И иномирцы остались совсем одни против целого леса. Следуя полученным от старосты подсказкам, они меньше чем за сутки интенсивного шага прошагали такое расстояние, какое не смогли бы преодолеть даже верхом. Их подгоняло возбуждение и предвкушение скорой победы, к которой они стремились столь долго и упорно. Когда усталость начинала одерживать верх, Виктор брал Дашу за руку и вместе они старались синхронизировать свои силы рун, создавая непреодолимый барьер бодрости и решимости. Возможно, именно из-за такого настроя их не трогали дикие звери — снежные барсы, голодные медведи-шатуны и озлобленные стаи тощих волков просто обходили путников стороной, хотя Виктор и без того был готов к бою хоть с целой армией разъярённых хищников.

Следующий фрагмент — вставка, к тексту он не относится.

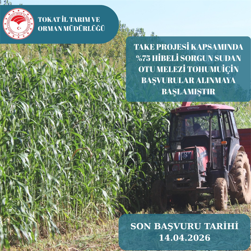 Bakanlığımızca yürütülen “Tarım Arazilerinin Kullanımının Etkinleştirilmesi Projesi'ne göre; İl Müdürlüğümüzce uygulanacak olan “SORGUM SUDAN OTU MELEZİ ÜRETİMİNİN YAYGINLAŞTIRILMASI PROJESİ" kapsamında, % 75 Bakanlık devlet destekli, % 25 çiftçi katkılı olacak şekilde Sorgum Sudan Melezi Otu Tohumu temin edilecektir. Projeden yararlanmak isteyen üreticilerimizin 17/04/2026 tarihi mesai bitimine kadar İl/İlçe Müdürlüklerine başvuru yapmaları gerekmektedir. Başvurular İl Proje Uygulama Komisyonu tarafından değerlendirilecek olup proje öncelikleri aşağıda belirtilmiştir.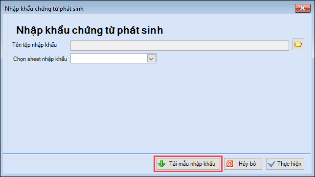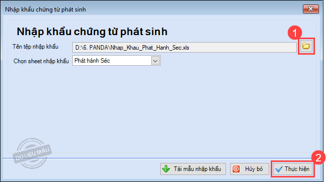 4. Nhấn vào biểu tượng thư mục ở cuối dòng Tên tệp nhập khẩu để chọn file cần nhập khẩu từ máy tính. Nhấn Thực hiện.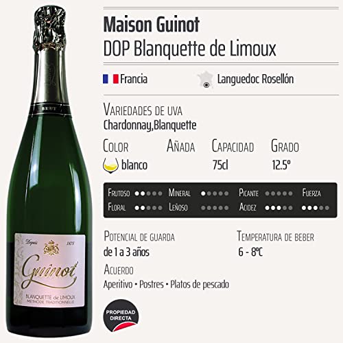 Descubre la exquisiteza de la Blanquette de Limoux Select blanco de Maison Guinot, una joya vitivinícola de la región de Languedoc Rosellón, Francia. Este vino espumoso con DOP está elaborado con las finas variedades de uva Chardonnay y Blanquette, ofreciendo un equilibrio perfecto entre frescura y complejidad. Ideal para los amantes del vino que buscan una experiencia única, este producto es perfecto para celebraciones, cenas elegantes o simplemente para disfrutar en buena compañía.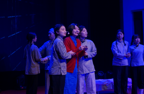 活动中,音乐系的师生们精彩演绎了《你是一面旗》、《红梅赞》、《多想对你说》、《红星闪闪》、《红星照我去战斗》等多首耳熟能详的经典曲目,一首首富含时代印记的红色经典作品,伴随着师生讲述的红军小战士潘冬子打土豪分田地的故事、共产党员江姐和众狱友在渣滓洞监狱绣红旗的感人事迹、革命烈士黎明前血与火的考验以及为革命牺牲的壮烈场面,以及李大钊先生“铁肩担道义,妙手著文章”的博大胸怀和“挽救民族、振奋国群”的坚定信念,回顾了党在危难中奋起、于战火中涅槃,始终同人民风雨同舟、生死与共,从胜利走向胜利的伟大历程,深刻感悟中国共产党带领中华民族在谋幸福、谋复兴奋进历程中的辉煌成就和丰富精神内涵。尤其是音乐系师生创作、改编的歌曲《逐梦新征程》、舞蹈《心声》、评腔剧《少年李大钊》、音乐情景剧《绣红旗》、古筝《山丹丹开花红艳艳》等作品,更是用中国经典的传统音乐与当代文化相结合的方式,通过歌曲、器乐演奏、舞蹈、音乐剧等多种文艺形式讲述中国共产党的百年进程,表达了师生对党的深厚情感。活动现场,歌声、乐声、掌声相互交织,大家或拍掌应和,或轻声跟唱,台上台下频频互动。百名师生大合唱《入党誓词》更是将主题教育活动推向了高潮。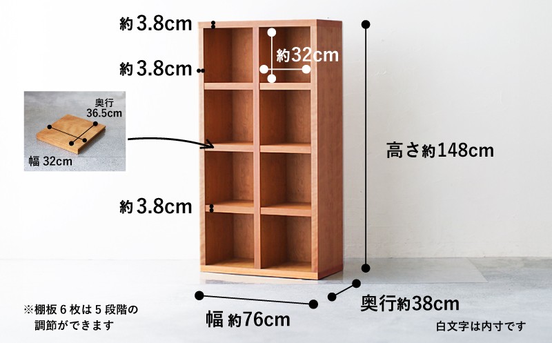 | 容量 | 商品名:オープンラック CBS-189-BC サイズ:W76×D38×H148cm 可動棚15段階 数量:1 生産地:静岡県藤枝市 素材:天板・側板・棚板:ブラックチェリー突板材 塗装:オイル仕上げ |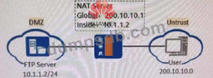 As shown in the figure, a NAT server application scenario is configured when the web configuration mode is used.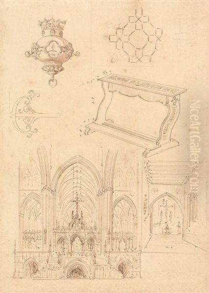 Bring the timeless beauty of Augustus Pugin's Designs for Gothic Ornamentation, a Kneeler, and Two Sketches of the Interiors of Gothic Churches into your home with a handmade oil painting reproduction. Carefully recreated on canvas by skilled artists using traditional techniques, this piece captures the delicate brushwork, subtle light, and vibrant color of the original masterpiece. With museum-level quality and rich texture, it brings elegance and artistic depth to any space. Enjoy free shipping and make this masterpiece a part of your personal collection.

Заледеневшего берега моря достигли поздней ночью. Где-то на горизонте горело полярное сияние, и Даша посчитала это хорошим знаком, хоть в подобные суеверия она не верила. Виктор тоже воодушевился этим переливающимся зрелищем и с удвоенным рвением продолжил поиски тайного герцогского склепа.
Путники искали эту гробницу до самого утра, и с каждым часом прочёсывания покрытой высокими сугробами местности настрой падал всё ниже и ниже. Решимость медленно но неуклонно угасала, а вместе с ней терялась и уверенность в скором успехе. Неожиданно Даше снова стало нехорошо, но от помощи она отказалась, стараясь самостоятельно держать на своих двоих. В конце концов Виктор всё-таки подхватил спутницу одной рукой, а другой зажёг яркий огненный шар, дабы он послужил таким импровизированным фонарём.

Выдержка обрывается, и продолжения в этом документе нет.